The book is a delightful and stimulating read by two of today’s best business writers. Throughout, they take insightful deep dives into the history of capitalism, from the 1720 credit crunch in England to today, showing how the system has been built on constant crises. With a fresh view that is hard to categorize, they dismiss free-market fundamentalists such as Ayn Rand or Arthur Laffer, along with left-wing advocates who argue that markets can do no good.

They conclude there are five mistakes we must avoid making: Believing that bubbles are wholly negative; that governments should avoid bailing out the financial sector; that crises can be solved without addressing underlying economic causes; that an economy will always naturally recover on its own after a crisis; and that the solution is simply a rush to more regulation of financial markets.

Where Posner decries the reckless innovation in financial instruments that caused the crisis, Bishop and Green applaud the spirit of creativity. The predictable bubbles and crashes that result are part of a learning process, and we shouldn’t, warn the authors, throw out the innovation baby with the recklessness bathwater.

In addition to the wonderful review of economic history, the book is strongest when it presents four big ideas to shape this new and improved capitalism: Rethink economics; redesign global governance; put values back into business; and promote financial literacy. They advocate replacing the dollar with a new world currency, and for a new set of business values, blaming the crisis on “toxic ideas” rather than “toxic assets.”
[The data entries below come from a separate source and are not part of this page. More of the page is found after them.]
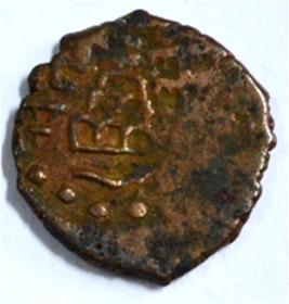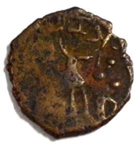 Coin in irregular shape. Obverse Deer at the centre and facing female figure with upraised right hand. Brahmi legend on the top. Reverse Triangle headed on the right, six arched hill with umbrella at the centre and tree branches in left.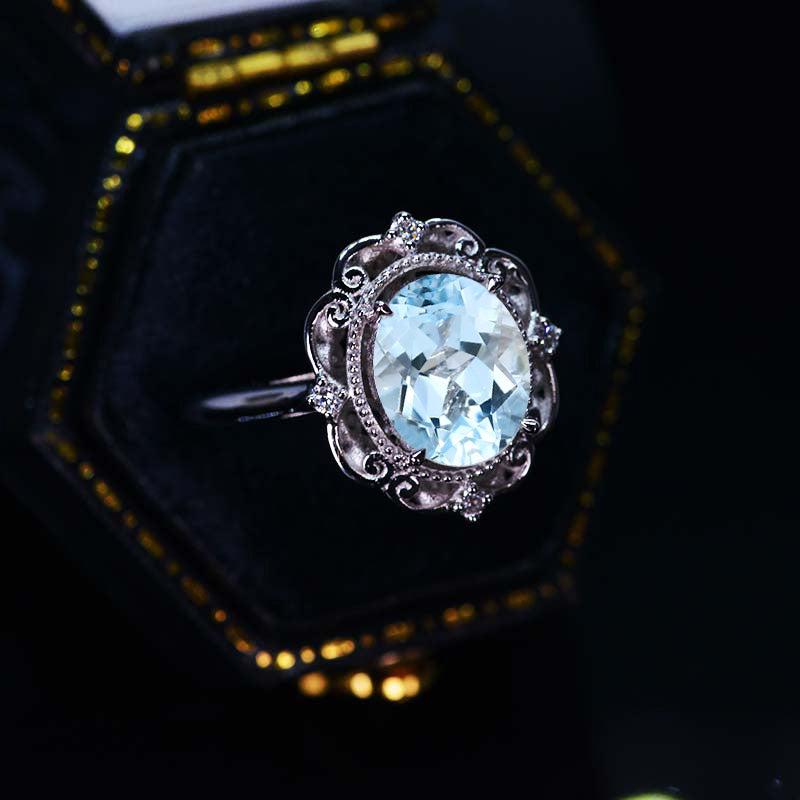 The default design option features 9x7mm Oval Shape Natural Aquamarine Stone,
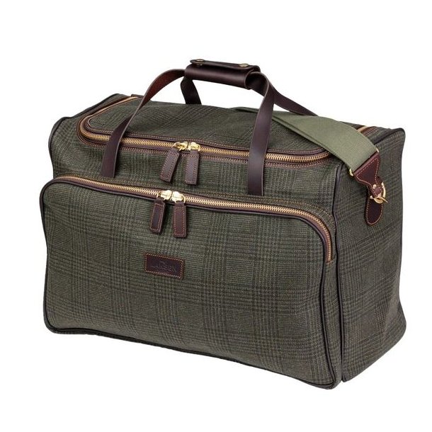 Laksen Willow Weekender Bag er en eksklusiv og rummelig weekendtaske i klassisk tweed og læder - et oplagt valg som rejsetaske til jagtrejser, weekendture og outdoor ophold, hvor stil, kvalitet og funktionalitet går hånd i hånd.Tweed tasken er fremstillet i 100% skotsk uld med det karakteristiske Willow tweed-mønster, der giver et klassisk og tidløst udtryk. Kombinationen af uld, italiensk læder og solide messingdetaljer sikrer en robust og holdbar taske, der er skabt til mange års brug - både i hverdagen og på rejser.Med en volumen på 49,5 liter har du god plads til tøj, udstyr og tilbehør. T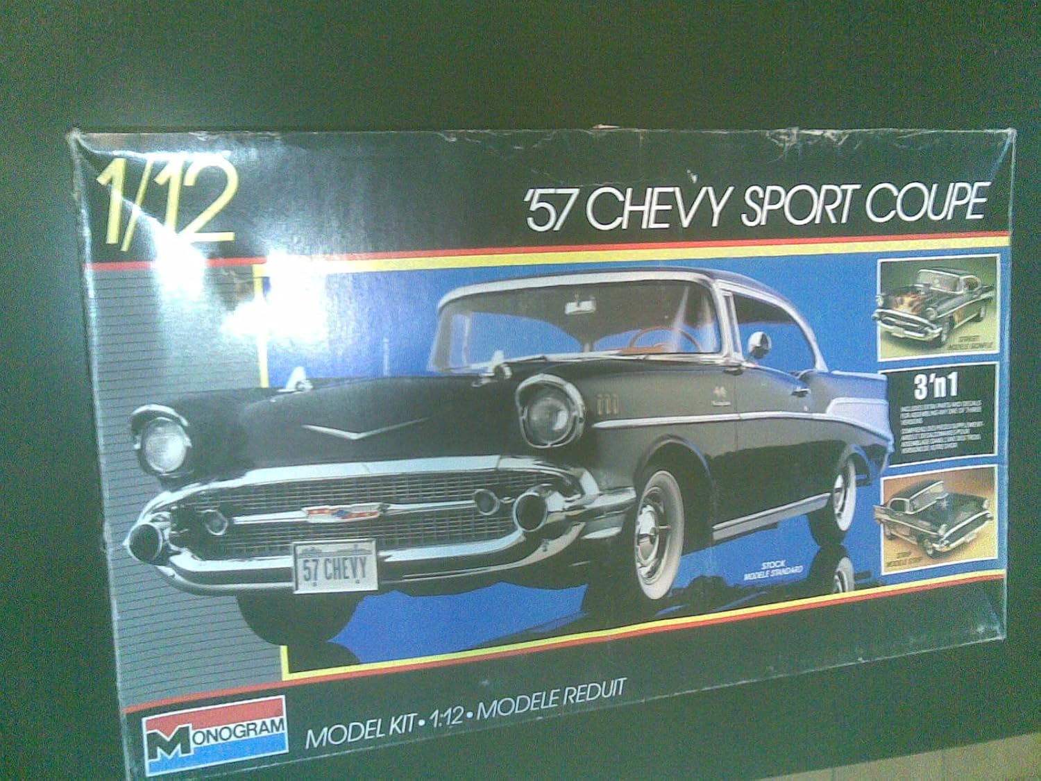 Three in one vintage 57 Chevy Coupe model kit, large box, 1/12 scale Finished size 1675" long This kit is still sealed Small tear out spot on back, some tiny perforations across front see pictures. REVELL57 Chevy Bel Air A great item for the person who enjoys classic cars!. Visit Model Roundup for Model Car Kits The best site for plastic model car kits!.
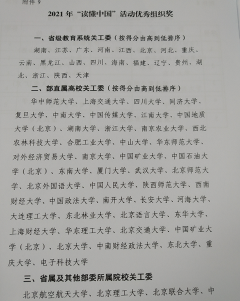 日前,在教育部关工委开展的 “读懂中国”活动中,QY球友会关工委获2021年“读懂中国”活动优秀组织奖,选送的征文《不忘入党初心,时刻为党争光》获优秀征文奖。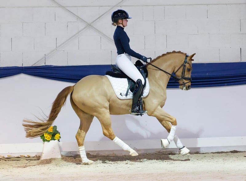 In unserer Kollektion stehen streng selektierte Reitponys f�r alle Anspr�che: Ausbildungs-, Zucht- und Kinderponys Hier gelangen Sie zur Gesamtkollektion: https://ponyforum.auction Dieser sechsjährige Wallach ist ein elegantes und typvolles Dressurnachwuchspony im allerfeinsten Ponylook. Vinajo hat einen leichtfüßigen und lockeren Bewegungsablauf und ein sehr harmonisches Seitenbild. Er ist auf sicherem A-Level ausgebildet, trägt sich schon schön und nimmt die reiterlichen Hilfen hervorragend an. Im Training beherrscht er auch schon spielerisch erste Lektionen der Dressurpferdeprüfungen der Klasse L! Er ist auch auch im Umgang ein ganz liebes Pony, das gerne betüddelt wird und sich verwöhnen lässt. Er ist gut erzogen und zu Mensch und Tier freundlich. Vinajo hat schon erste Turnierprüfungen bestritten und zeigte sich hier wirklich unkompliziert.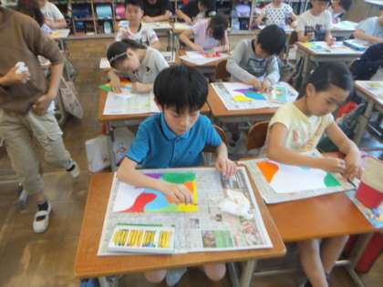 30分ほどの時間,とても集中してきれいに塗っていました。作品ができあがるのが楽しみです。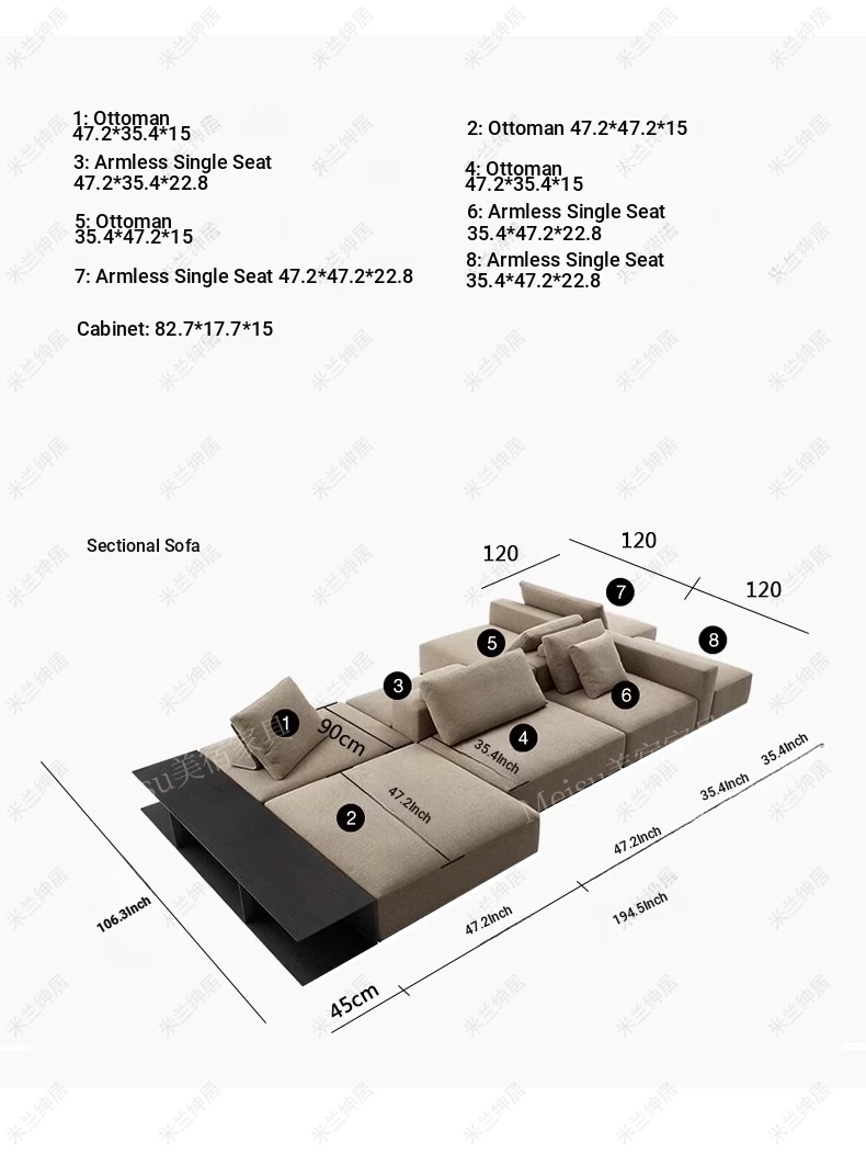 Italian Cream Upholstered Sofa - Modern Minimalist Modular Island Design for Your Living Room, Versatile Tofu Style, Luxurious and Chic Comfort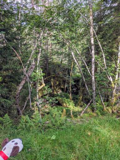 Nachdem das Wetter besser schien als angekündigt, brachen wir am späten Vormittag zu einem Spaziergang auf. Wir ließen uns von einer Wanderausschilderung leiten und kämpften uns plötzlich viele Höhenmeter hinauf.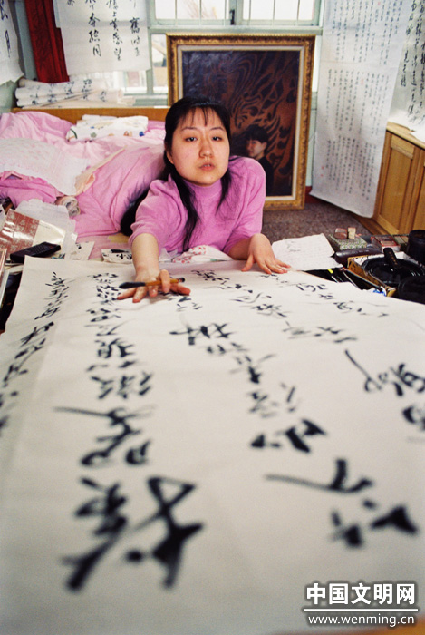 以殘疾之身創(chuàng)造生活奇跡的山東姑娘劉曉清被網(wǎng)友稱為“最美輪椅姐姐”、“最美輪椅姑娘”、“濰坊張海迪”。這是劉曉清10年以前的照片。19年來,曉清就是這樣趴在床上寫字作畫。(魯少河老師攝于2001年5月,劉曉清的家中)

Dissenting from Posner, they say that reinstating a new Glass-Steagall act would undermine U.S. banks’ international competitiveness. The authors might gain evidence for this view from the Canadian experience. Our banks avoided the risky and unethical behaviour of their U.S. counterparts, even though there is no Glass-Steagall-style imposed separation.

Bishop and Green, like Posner, stop short of laying out a comprehensive blueprint for change. However, clearly we’re in early days of this debate and enormous change lies ahead. By painting a rich historical tapestry and providing startling insights into how economics needs to recognize the complexity of human behaviour, they have made a powerful contribution to get us off a road that is indeed surely ruinous.